**ACTION ITEM**
Look in the listing below for the line that has "In the First", then return it and each following line up to and including the one with "- Hỗ trợ các", exactly and without pictures.
(MATERIAL PROVIDED begins)
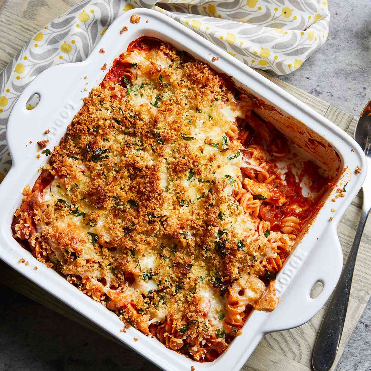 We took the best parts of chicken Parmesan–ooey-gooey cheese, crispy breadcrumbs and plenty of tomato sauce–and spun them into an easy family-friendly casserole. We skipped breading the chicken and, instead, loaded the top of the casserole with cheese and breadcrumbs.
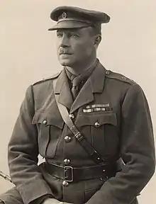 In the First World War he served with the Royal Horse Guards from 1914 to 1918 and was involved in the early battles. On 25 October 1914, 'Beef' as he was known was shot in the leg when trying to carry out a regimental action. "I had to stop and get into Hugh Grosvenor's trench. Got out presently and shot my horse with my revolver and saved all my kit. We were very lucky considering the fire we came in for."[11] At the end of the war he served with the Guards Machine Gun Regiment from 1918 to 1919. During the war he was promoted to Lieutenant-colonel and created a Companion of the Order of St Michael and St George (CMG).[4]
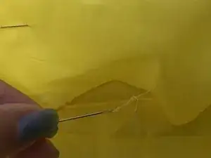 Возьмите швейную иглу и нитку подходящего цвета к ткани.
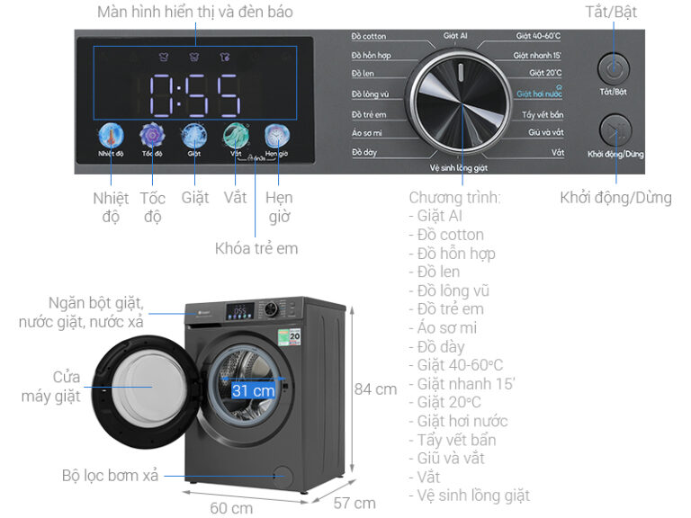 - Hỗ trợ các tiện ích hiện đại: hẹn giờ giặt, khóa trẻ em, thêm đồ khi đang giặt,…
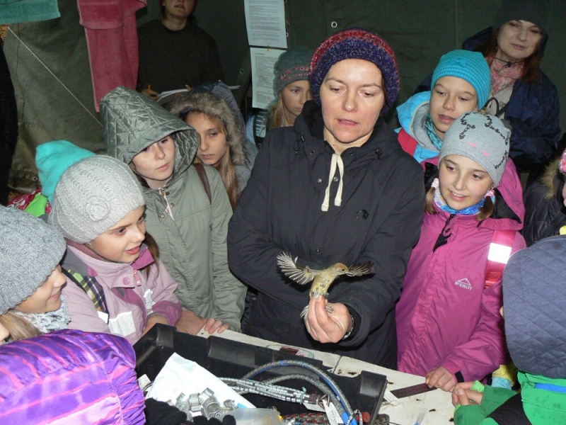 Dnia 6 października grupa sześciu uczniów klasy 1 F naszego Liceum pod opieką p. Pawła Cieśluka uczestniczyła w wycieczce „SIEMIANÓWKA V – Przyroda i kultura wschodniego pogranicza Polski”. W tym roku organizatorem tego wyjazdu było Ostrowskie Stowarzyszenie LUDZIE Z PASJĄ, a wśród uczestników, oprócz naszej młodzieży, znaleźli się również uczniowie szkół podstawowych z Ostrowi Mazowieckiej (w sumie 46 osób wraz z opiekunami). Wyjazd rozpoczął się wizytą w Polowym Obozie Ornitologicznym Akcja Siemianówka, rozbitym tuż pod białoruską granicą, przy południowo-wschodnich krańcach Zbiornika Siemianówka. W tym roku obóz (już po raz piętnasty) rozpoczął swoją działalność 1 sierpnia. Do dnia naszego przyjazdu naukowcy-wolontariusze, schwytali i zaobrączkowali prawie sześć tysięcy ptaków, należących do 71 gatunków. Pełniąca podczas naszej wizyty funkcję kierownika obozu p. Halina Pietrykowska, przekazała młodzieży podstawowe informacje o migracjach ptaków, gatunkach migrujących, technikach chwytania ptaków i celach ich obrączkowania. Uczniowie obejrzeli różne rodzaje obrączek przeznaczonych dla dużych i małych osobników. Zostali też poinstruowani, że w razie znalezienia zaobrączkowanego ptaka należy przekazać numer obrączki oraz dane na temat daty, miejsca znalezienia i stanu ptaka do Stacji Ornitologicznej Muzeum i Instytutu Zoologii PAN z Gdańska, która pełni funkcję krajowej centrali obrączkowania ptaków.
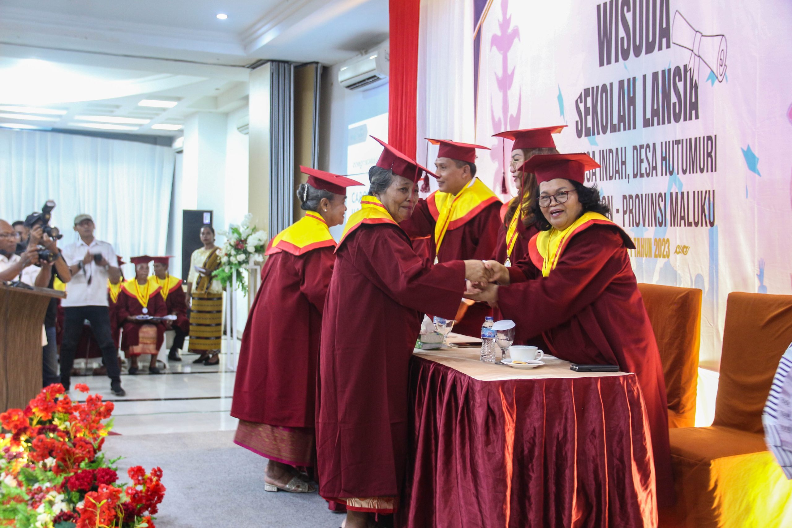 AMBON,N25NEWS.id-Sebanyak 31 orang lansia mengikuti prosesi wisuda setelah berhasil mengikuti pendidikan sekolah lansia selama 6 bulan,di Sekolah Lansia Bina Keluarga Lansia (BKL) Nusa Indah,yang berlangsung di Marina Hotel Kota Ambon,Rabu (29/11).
(MATERIAL PROVIDED ends)
**RESPONSE TO THE EXERCISE**
 In the First World War he served with the Royal Horse Guards from 1914 to 1918 and was involved in the early battles. On 25 October 1914, 'Beef' as he was known was shot in the leg when trying to carry out a regimental action. "I had to stop and get into Hugh Grosvenor's trench. Got out presently and shot my horse with my revolver and saved all my kit. We were very lucky considering the fire we came in for."[11] At the end of the war he served with the Guards Machine Gun Regiment from 1918 to 1919. During the war he was promoted to Lieutenant-colonel and created a Companion of the Order of St Michael and St George (CMG).[4]
 Возьмите швейную иглу и нитку подходящего цвета к ткани.
 - Hỗ trợ các tiện ích hiện đại: hẹn giờ giặt, khóa trẻ em, thêm đồ khi đang giặt,…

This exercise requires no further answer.